**Exercise objective:** Exact transcription begins at the first line of the material below and ends with the line holding "GAVUBAA Solid/Plain Bollywood"; pictures are skipped.
━━━ Source material
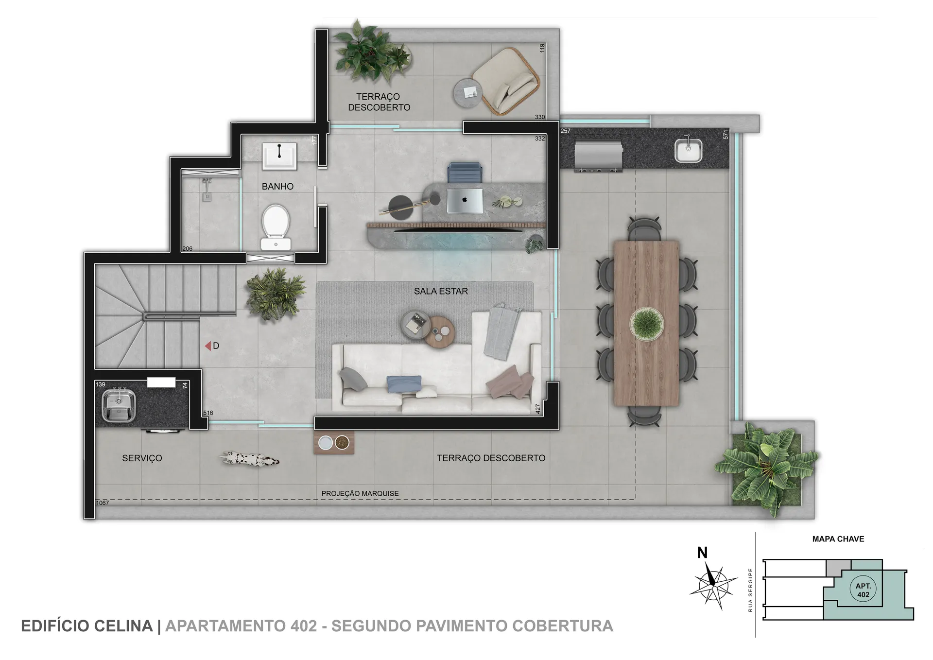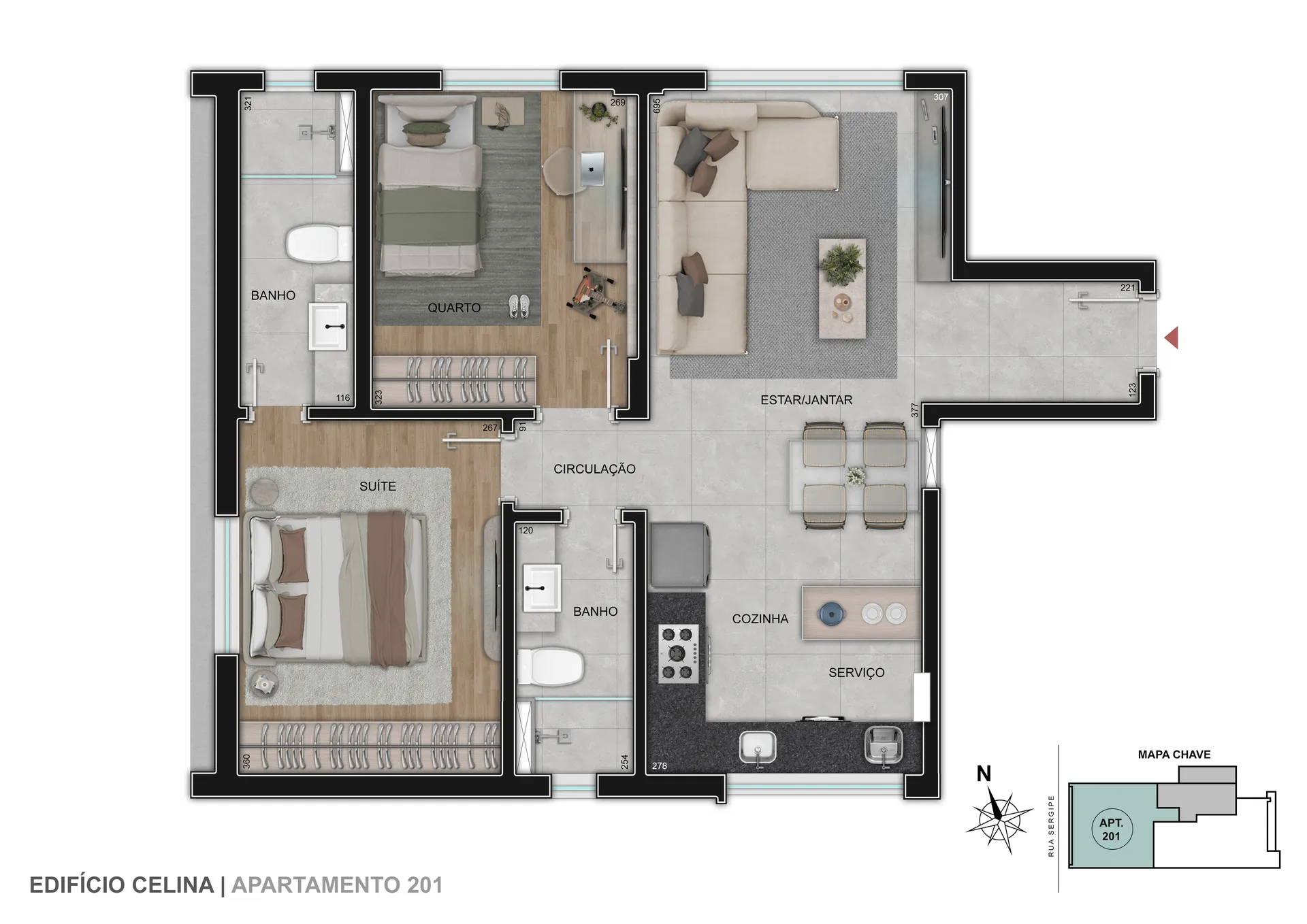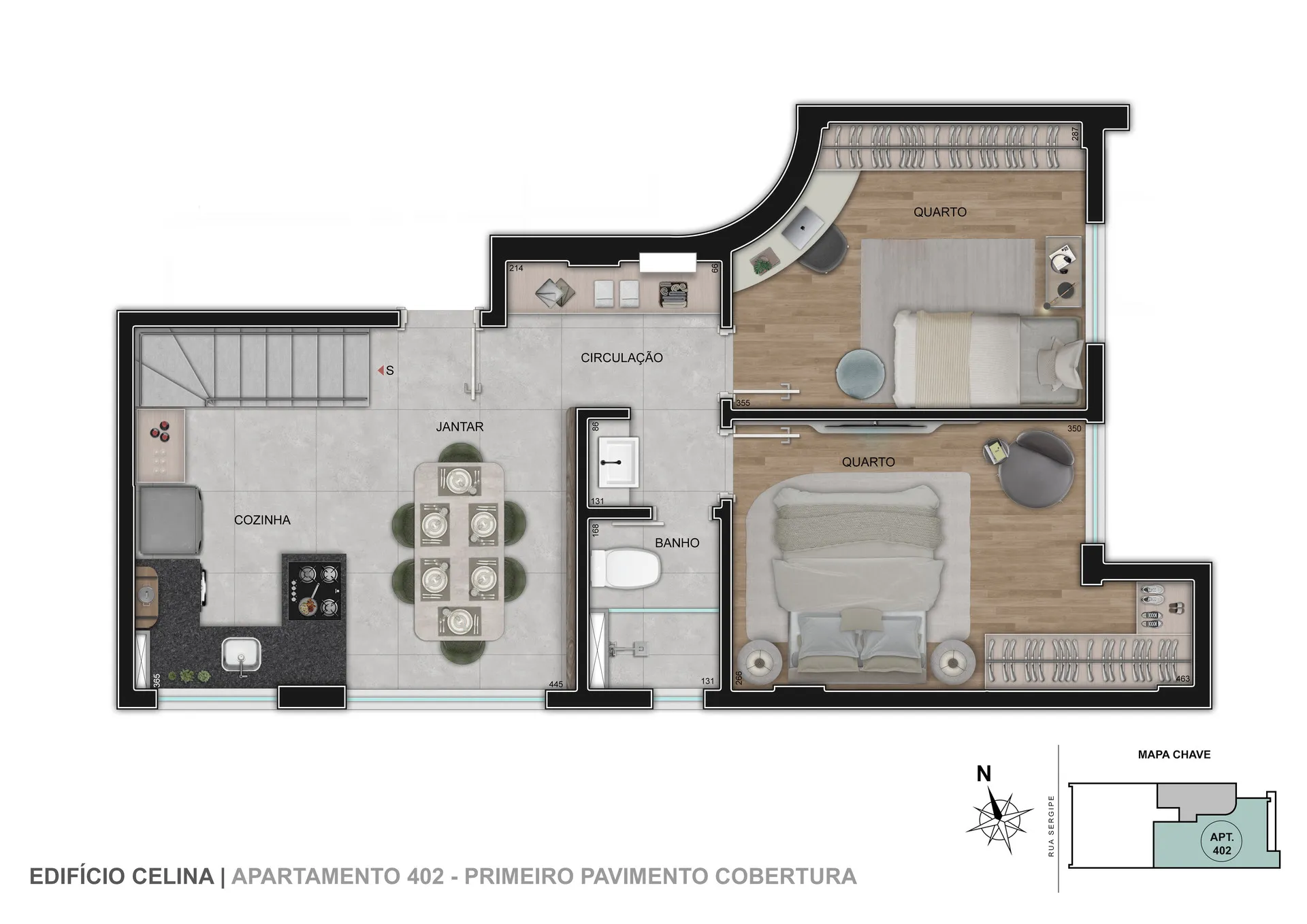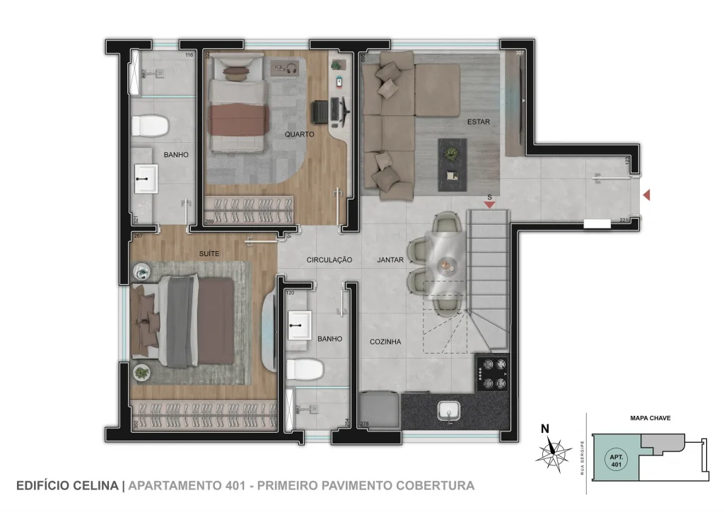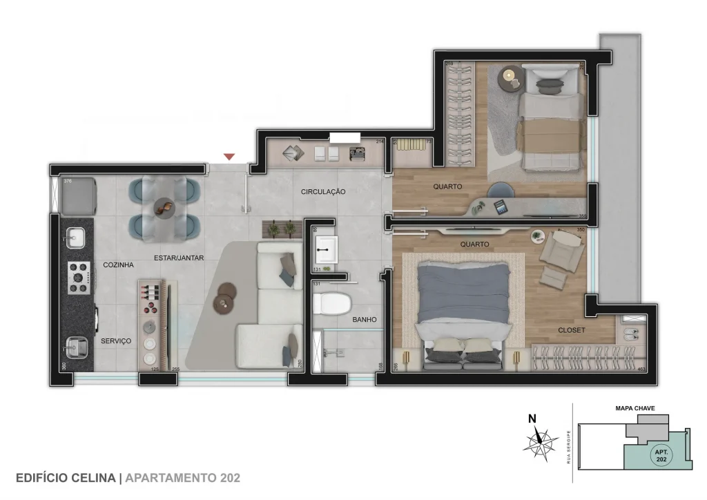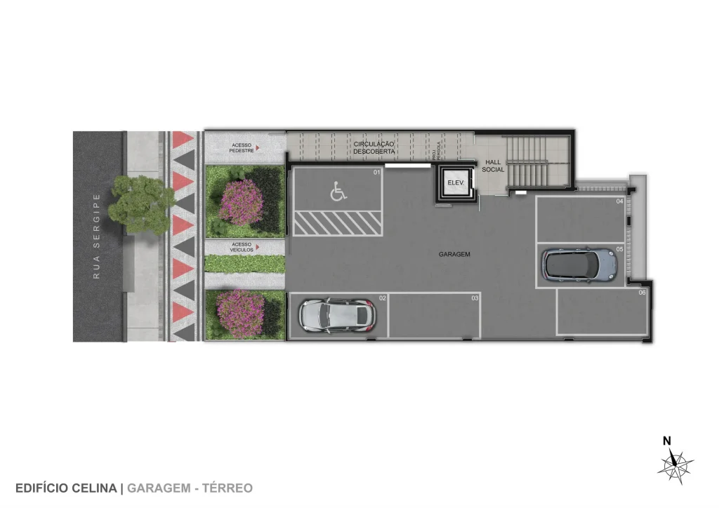 O Edifício Celina é um condomínio econômico com torre única e conta com 6 unidades de 1, 2 ou 3 quartos com até 2 vagas de garagem. Opções com suíte e terraço descoberto.
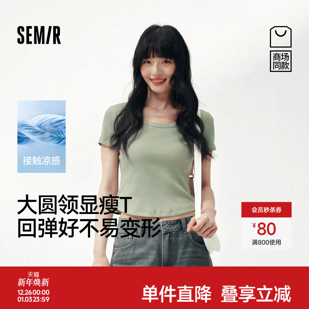 [商场同款]森马短袖T恤女短款凉感紧身2025新款夏大圆领上衣百搭
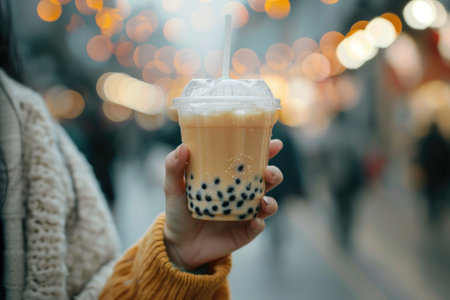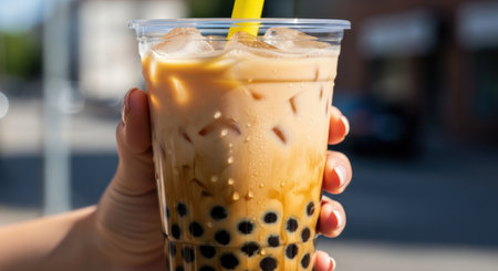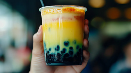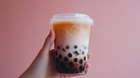 A close-up shot of a hand holding a cup of bubble tea, with the tapioca pearls visible at the bottom and the creamy layer on top, showcasing the delicious texture and colors.
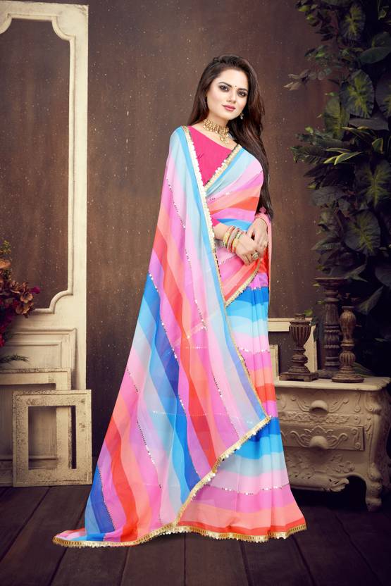 GAVUBAA Solid/Plain Bollywood Georgette Saree (Multicolor)
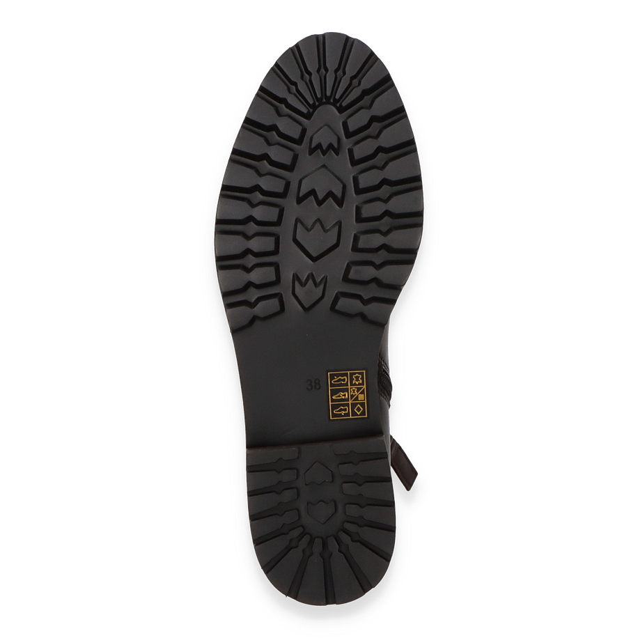 Preis inkl. MwSt.Die Maripé Klassische Stiefeletten für Damen präsentieren sich in einem eleganten Dunkelbraun, das zeitlose Raffinesse ausstrahlt. Mit einem dezenten Absatz von 3 cm bieten diese Stiefeletten eine perfekte Balance zwischen Stil und Komfort. Das hochwertige Leder-Obermaterial verleiht den Schuhen eine luxuriöse Optik, während die elastischen Seiteneinsätze für eine bequeme Passform sorgen. Diese Stiefeletten sind ideal für den täglichen Gebrauch und lassen sich mühelos mit verschiedenen Outfits kombinieren.
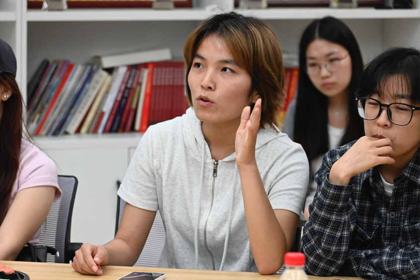 来自文化产业管理专业的陈阳泽同学及来自旅游管理与服务教育专业的阮鑫蕾同学均就AI的开发与利用与Julien先生展开互动交流,Julien先生表示应主动培养创造性思维,在对待AI时,应视其为“思维的扩展器”,学会与之协作,用算法拓展表达边界,但始终保持人的判断力与情感温度。
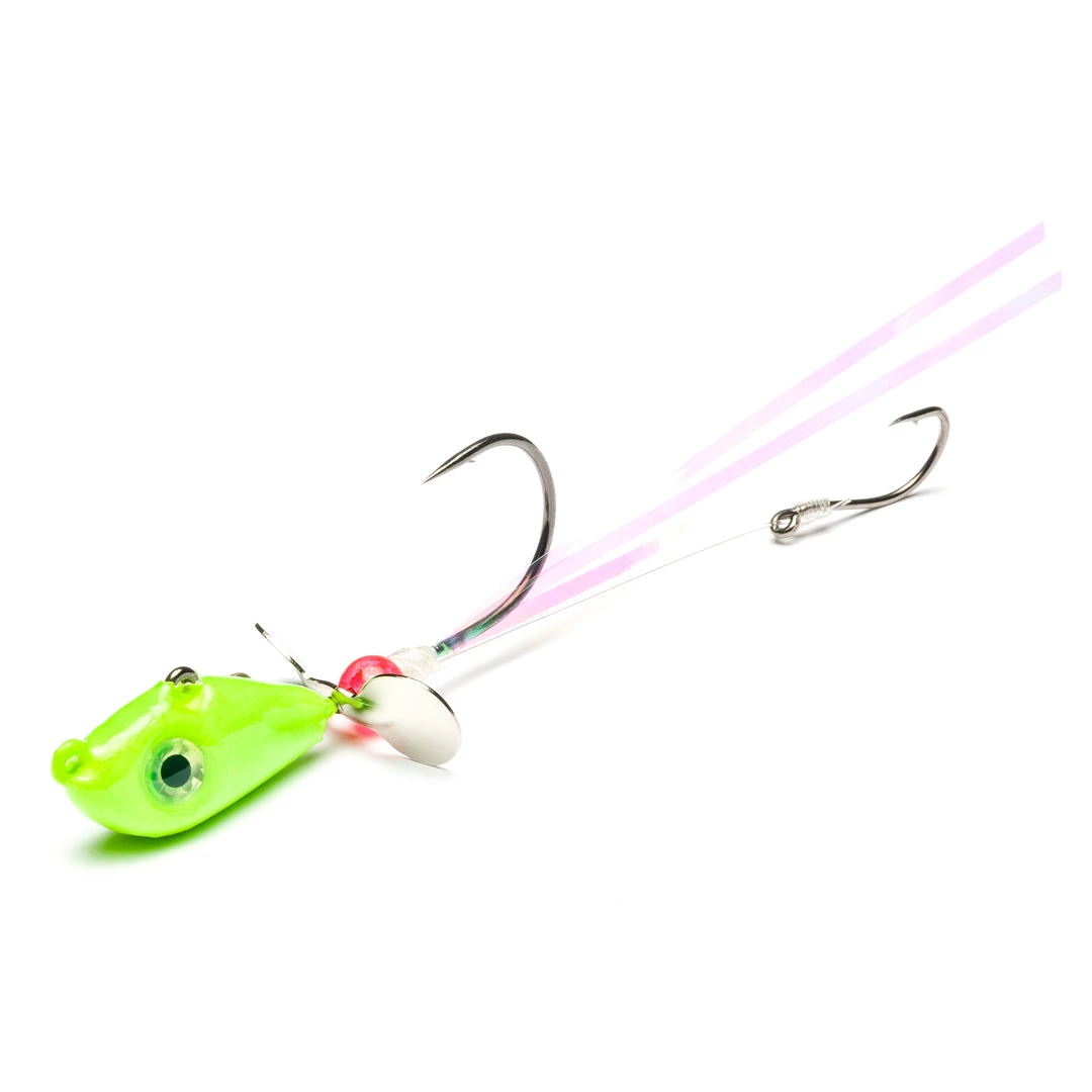 A shad style head with two-line tie points for vertical and horizontal presentations, this unique Addicted Fishing jig features a propeller spinner on the shank that provides built-in action, flash and a bubble trail in the water. A setback stinger hook is part of the integrated package – perfect for tipping with a nightcrawler or soft plastic. Jig head molded onto at 32746NP-BN. The 92553NP-BN stinger hook is setback by 1.5″
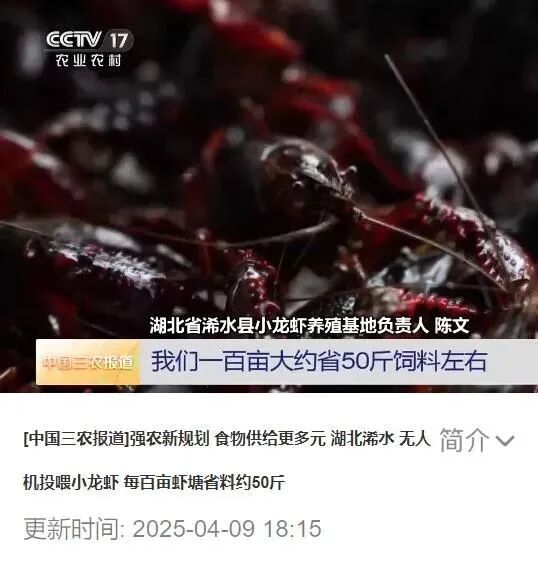 4月9日,CCTV17《农村农业》频道报道湖北浠水无人机投喂小龙虾,每百亩虾塘省料约50斤,为农业生产助力。
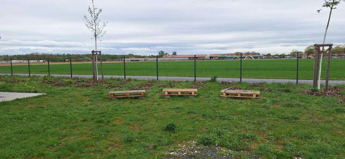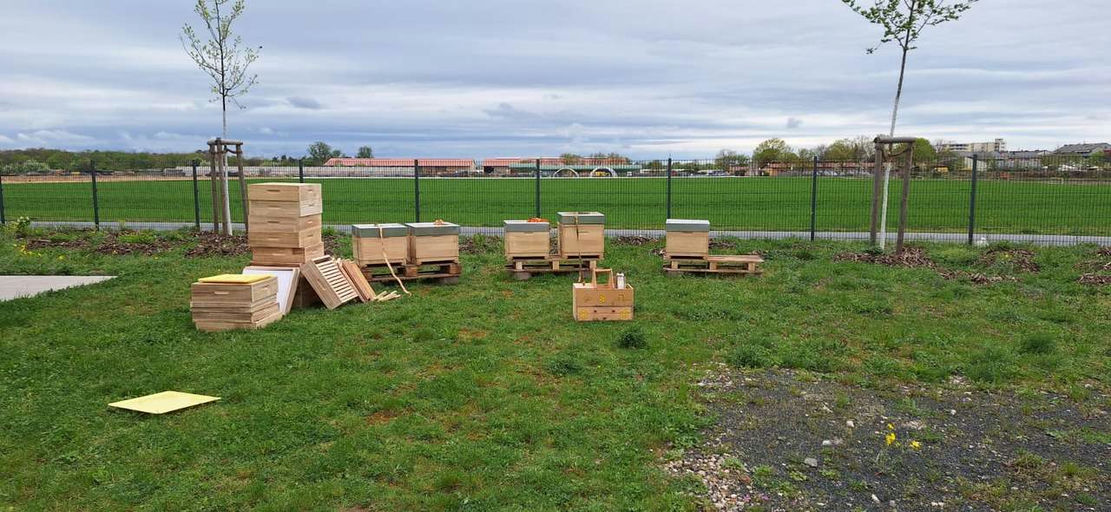 An einem sehr windigen Tag war es endlich soweit. Die Bienen konnten auf das Firmengelände ziehen. Zuerst haben mein Partner und ich die Paletten ausgerichtet, auf denen die Beuten Platz finden. Danach kamen die Brutraumzargen, ein Absperrgitter, zwei Honigräume, eine Abdeckfolie, der Innendeckel, die Bienenflucht, die Futterzarge und der Blechdeckel. Es war so windig, dass uns teilweise die Beutenteile weggeflogen sind. So etwas erlebt man in Hessen selten. Da die Bienen vom Umzug und vom Wetter sehr gereizt waren, haben wir nur das Allernötigste gemacht. Ich habe in der direkten Nachbarschaft schon eine Apfelplantage in voller Blüte gesehen – das ist der perfekte Start. Nun können die fünf Bienenvölker ordentlich Nektar eintragen.
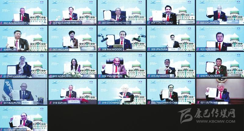 這是與會(huì)各經(jīng)濟(jì)體領(lǐng)導(dǎo)人、代表通過(guò)《2040年亞太經(jīng)合組織布特拉加亞愿景》并線上合影。新華社記者 李響 攝
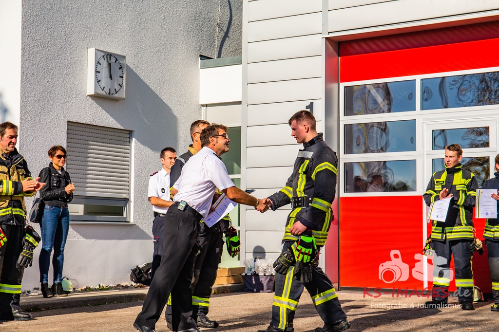 Nach der Übung wurde uns, nach einigen Worten unseres Lehrgangsleiter Lars Meyer und unserem Kreisbrandmeister Andy Dorroch, unsere Urkunden überreicht. Alle 22 Teilnehmer haben den Lehrgang bestanden. Herzlichen Glückwunsch euch allen.
━━━━━━
**Expected output:**
 O Edifício Celina é um condomínio econômico com torre única e conta com 6 unidades de 1, 2 ou 3 quartos com até 2 vagas de garagem. Opções com suíte e terraço descoberto.
 [商场同款]森马短袖T恤女短款凉感紧身2025新款夏大圆领上衣百搭
 A close-up shot of a hand holding a cup of bubble tea, with the tapioca pearls visible at the bottom and the creamy layer on top, showcasing the delicious texture and colors.
 GAVUBAA Solid/Plain Bollywood Georgette Saree (Multicolor)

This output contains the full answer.